Task to carry out: Begin at the line that has "最后分享下這些風(fēng)", stop after the line that has "A complete 4-piece", and print exactly those lines from the records below, without any pictures.

Records supplied:
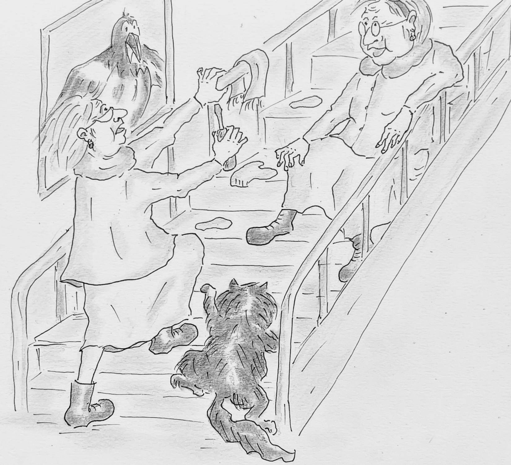Баба Гуся и Тётя Маша медленно поднимались наверх, а Муся прыгала сразу через две ступеньки.
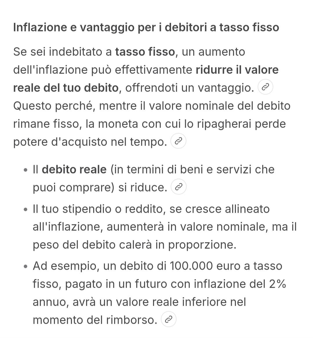 Banalità economiche. La cosa migliore per una persona indebitata a tasso fisso è sperare nella perdita del valore del debito da restituire, sperare nella sua svalutazione in conseguenza dell'aumento dell'inflazione. Per chi è indebitato, la soluzione migliore per ridurre il debito è ridurre il valore del debito e svalutarlo con l'aumento dell'inflazione. Poiché guerre e crisi energetiche aumentano l'inflazione e siccome gli USA hanno un debito enorme, ci vuole poco a fare 1+1. Le IA lo sanno.
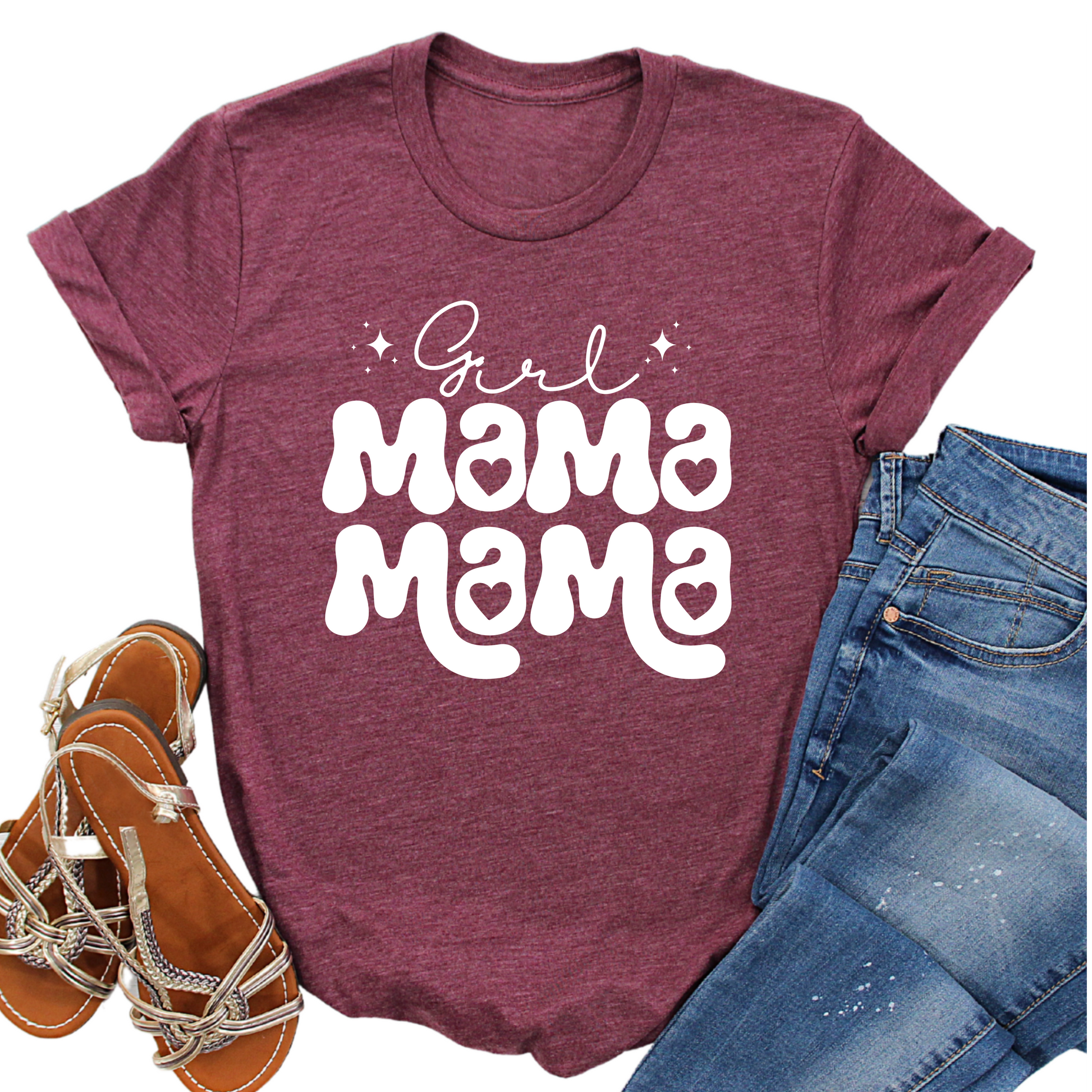 Celebrate being a girl mom with this retro "Girl Mama" T-shirt featuring a playful design and heart accents.
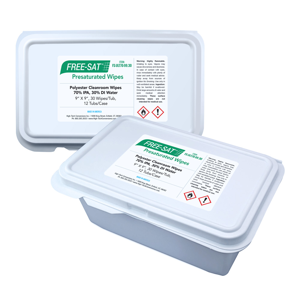 FREE-SAT® Ultimate 70 Presaturated Wipes 9″ x 9″, 70% IPA / 30% DI Water, 40 Wipes/Tub
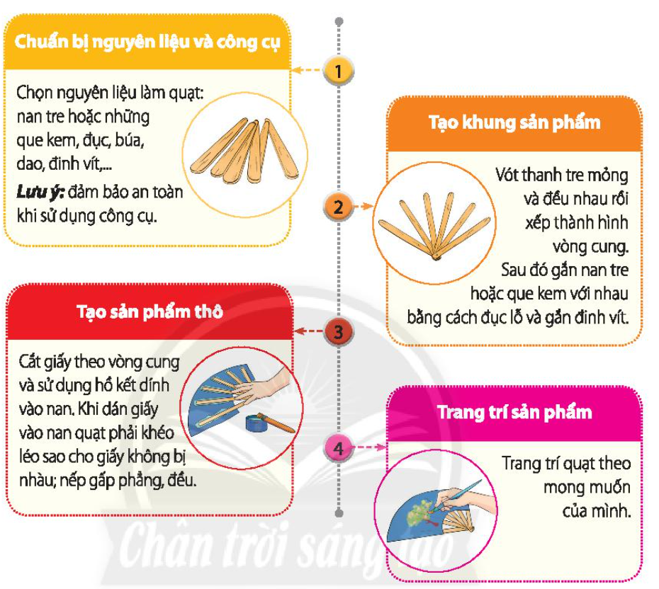 Em đọc kĩ hướng dẫn và làm quạt giấy
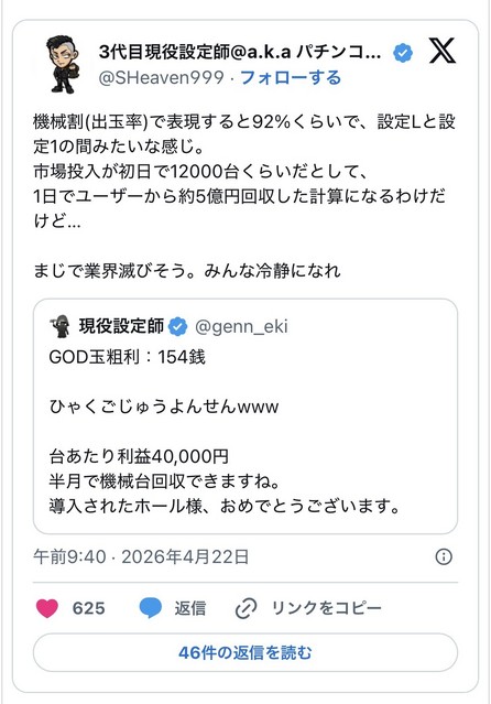 投稿本文:前任者天国からおそらく80%継続の4471枚自身PGGか…
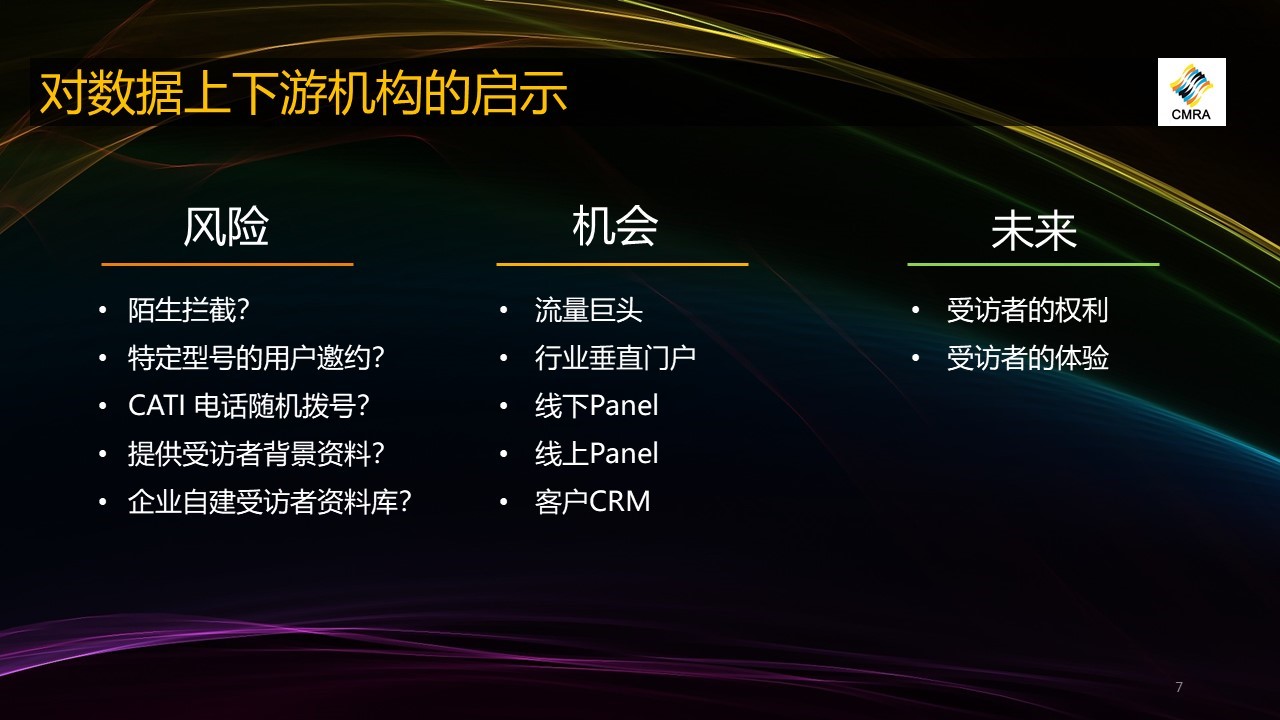 最后分享下這些風(fēng)險(xiǎn)以及相關(guān)控制工作對于數(shù)據(jù)上下游機(jī)構(gòu)的啟示。從風(fēng)險(xiǎn)角度看,我們的數(shù)據(jù)采集業(yè)務(wù),一是陌生攔截會越來越困難,一方面陌生環(huán)境下人和人的信任程度很低,另一方面也很難保護(hù)好受訪者的信息權(quán)利,例如反悔權(quán)。二是特定型號的用戶邀約也越來越困難,這種超低滲透率用戶是無法通過隨機(jī)甄選接觸到的,傳統(tǒng)上很多獲取特定型號用戶名單的方式都有很大風(fēng)險(xiǎn)。今天我想強(qiáng)調(diào)的是,對于甲方來說,你提出特定型號用戶這個(gè)條件,就意味著你的數(shù)據(jù)采集過程存在違法的風(fēng)險(xiǎn),不要認(rèn)為這個(gè)風(fēng)險(xiǎn)被隔離在了調(diào)研公司或者代理公司。這個(gè)風(fēng)險(xiǎn)我們協(xié)會也會正式出面提醒甲方注意,大家都是想把本職工作做好,有什么必要承擔(dān)不必要的法律風(fēng)險(xiǎn)呢?
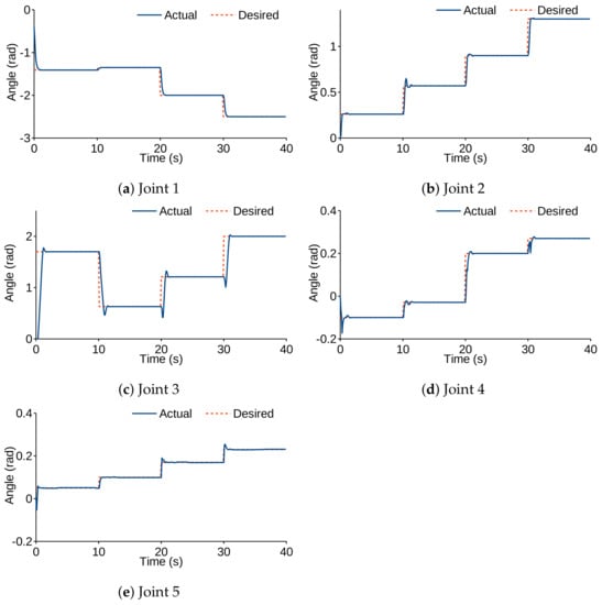 The ultimate gains, , for joints 1 to 5, are 1, 44.5, 7, 66, and 25, respectively. Similarly, is 0.003, 0.5, 1.5, 0.3, and 0.6 for joint 1 to 5, respectively. Table 3 illustrates the PID parameters tuned for each joint.
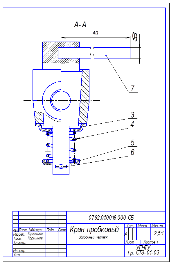 Рисунок В.7 – Кран пробковый. Сборочный чертёж
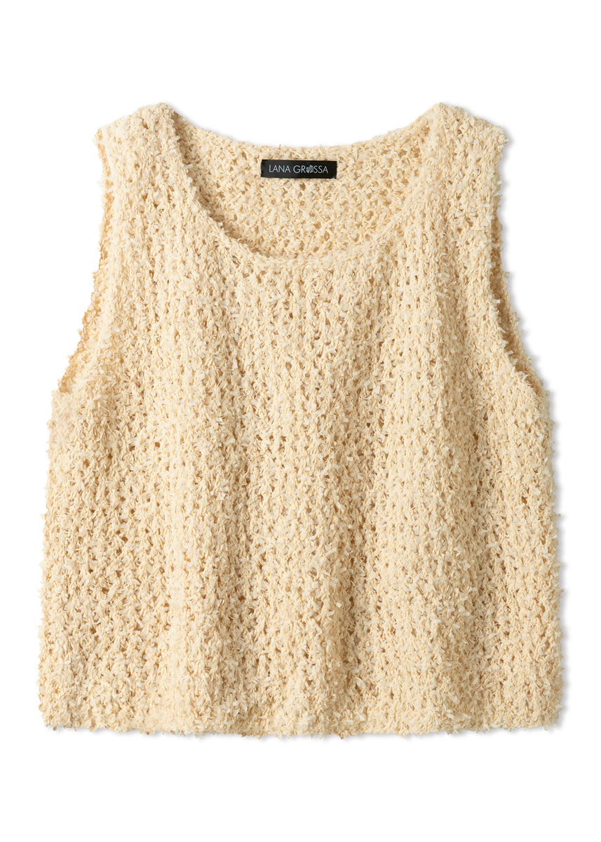 Garn: Lana Grossa «Frizzante» (54 % bomull, 46 % polyamid, LL = ca. 105 m/50 g): Ca. 200 (200 - 250 - 250) g krem (frg 1). Pinner/heklenål: Pinner nr. 5, heklenål nr. 5.
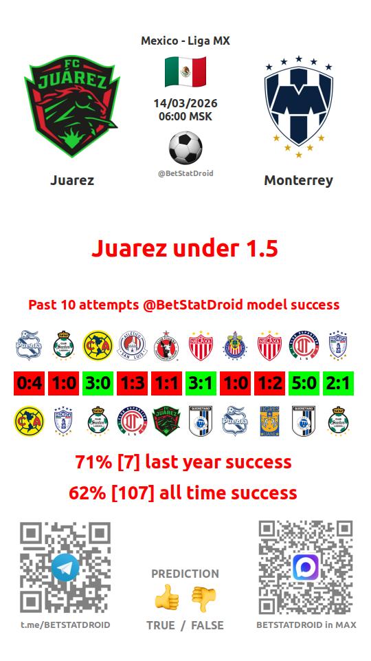 ✔ Хуарес забивает меньше 2,5 голов в 8 матчах
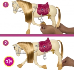 Připojte se k Barbie na nezapomenutelných dobrodružstvích s jejím tančícím koněm, který nabízí hodiny zábavy a tvořivosti. Kůň umí více než jen tančit - může také hrát písničky a reagovat na hmatové podněty. S 12 různými doplňky si děti mohou užívat nekonečné příběhy plné fantazie.
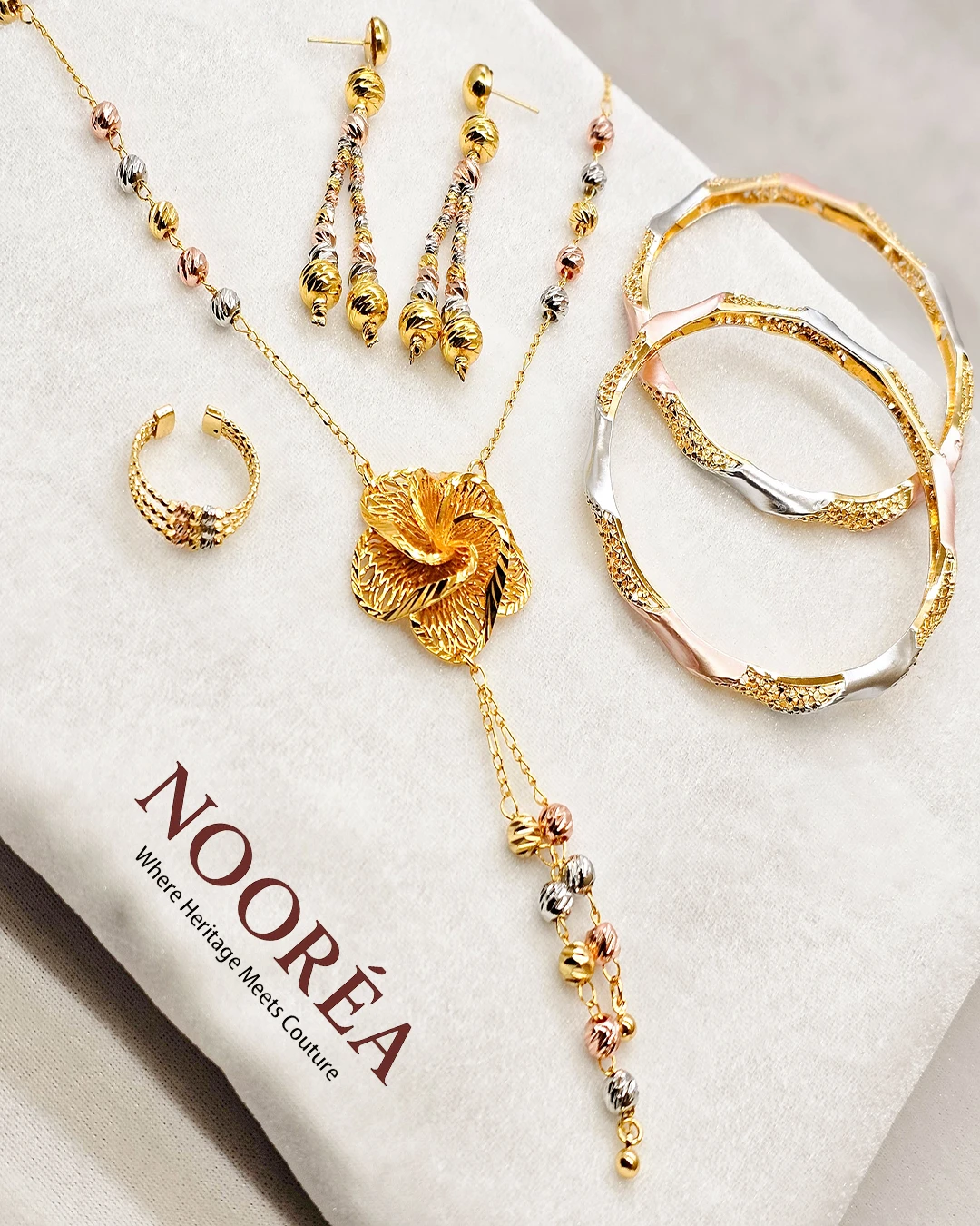 A complete 4-piece golden set featuring a rose-motif lariat, matching earrings, and bangles.
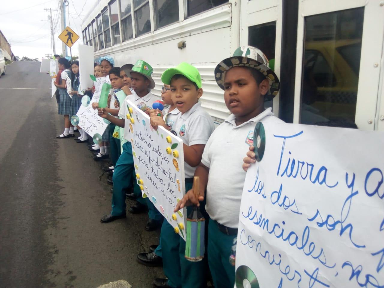 Con pancartas y artículos de materiales reciclados, niños de distintos grados del colegio salieron la mañana de este miércoles cerca de los predios del plantel para transmitir sus mensajes sobre educación ambiental.
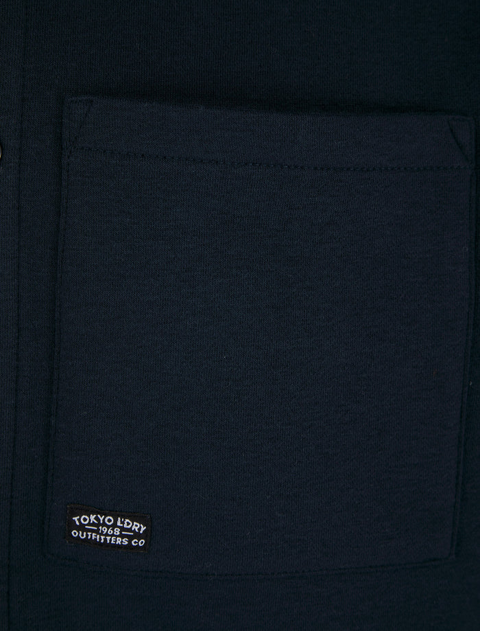 The Tokyo Laundry TL Commander overshirt in sky captain navy offers a refined blend of comfort and style. Crafted from a premium cotton blend fleece, it provides warmth and softness. Its button-fastening and classic collar deliver a timeless look, while the large chest pocket adds practicality. Perfect for casual wear, this versatile piece pairs easily with jeans or cargo trousers, enhancing your everyday wardrobe with understated sophistication.
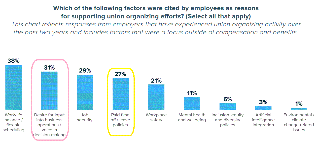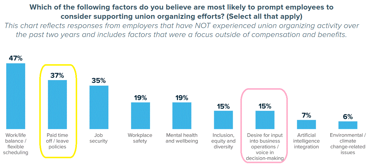 上記sourceでは、労組結成に対応する企業の考え方を調査した結果(Littler’s 2025 Labor Survey Report)を紹介している。その中で、印象に残ったのは、何が労組結成を促しているのか、との問いに対する経営側の回答である。従業員からは経営判断に参加したいと聞いていながら、それは本音ではなかろう、と考えている。また、休暇制度に対する従業員の要望は本当はもっと高いだろうと考えている。こうしたコミュニケーションギャップは、何らかの形で解消する努力を続けておく必要があるだろう。

Result for this task:
 最后分享下這些風(fēng)險(xiǎn)以及相關(guān)控制工作對于數(shù)據(jù)上下游機(jī)構(gòu)的啟示。從風(fēng)險(xiǎn)角度看,我們的數(shù)據(jù)采集業(yè)務(wù),一是陌生攔截會越來越困難,一方面陌生環(huán)境下人和人的信任程度很低,另一方面也很難保護(hù)好受訪者的信息權(quán)利,例如反悔權(quán)。二是特定型號的用戶邀約也越來越困難,這種超低滲透率用戶是無法通過隨機(jī)甄選接觸到的,傳統(tǒng)上很多獲取特定型號用戶名單的方式都有很大風(fēng)險(xiǎn)。今天我想強(qiáng)調(diào)的是,對于甲方來說,你提出特定型號用戶這個(gè)條件,就意味著你的數(shù)據(jù)采集過程存在違法的風(fēng)險(xiǎn),不要認(rèn)為這個(gè)風(fēng)險(xiǎn)被隔離在了調(diào)研公司或者代理公司。這個(gè)風(fēng)險(xiǎn)我們協(xié)會也會正式出面提醒甲方注意,大家都是想把本職工作做好,有什么必要承擔(dān)不必要的法律風(fēng)險(xiǎn)呢?
 The ultimate gains, , for joints 1 to 5, are 1, 44.5, 7, 66, and 25, respectively. Similarly, is 0.003, 0.5, 1.5, 0.3, and 0.6 for joint 1 to 5, respectively. Table 3 illustrates the PID parameters tuned for each joint.
 Рисунок В.7 – Кран пробковый. Сборочный чертёж
 Garn: Lana Grossa «Frizzante» (54 % bomull, 46 % polyamid, LL = ca. 105 m/50 g): Ca. 200 (200 - 250 - 250) g krem (frg 1). Pinner/heklenål: Pinner nr. 5, heklenål nr. 5.
 ✔ Хуарес забивает меньше 2,5 голов в 8 матчах
 Připojte se k Barbie na nezapomenutelných dobrodružstvích s jejím tančícím koněm, který nabízí hodiny zábavy a tvořivosti. Kůň umí více než jen tančit - může také hrát písničky a reagovat na hmatové podněty. S 12 různými doplňky si děti mohou užívat nekonečné příběhy plné fantazie.
 A complete 4-piece golden set featuring a rose-motif lariat, matching earrings, and bangles.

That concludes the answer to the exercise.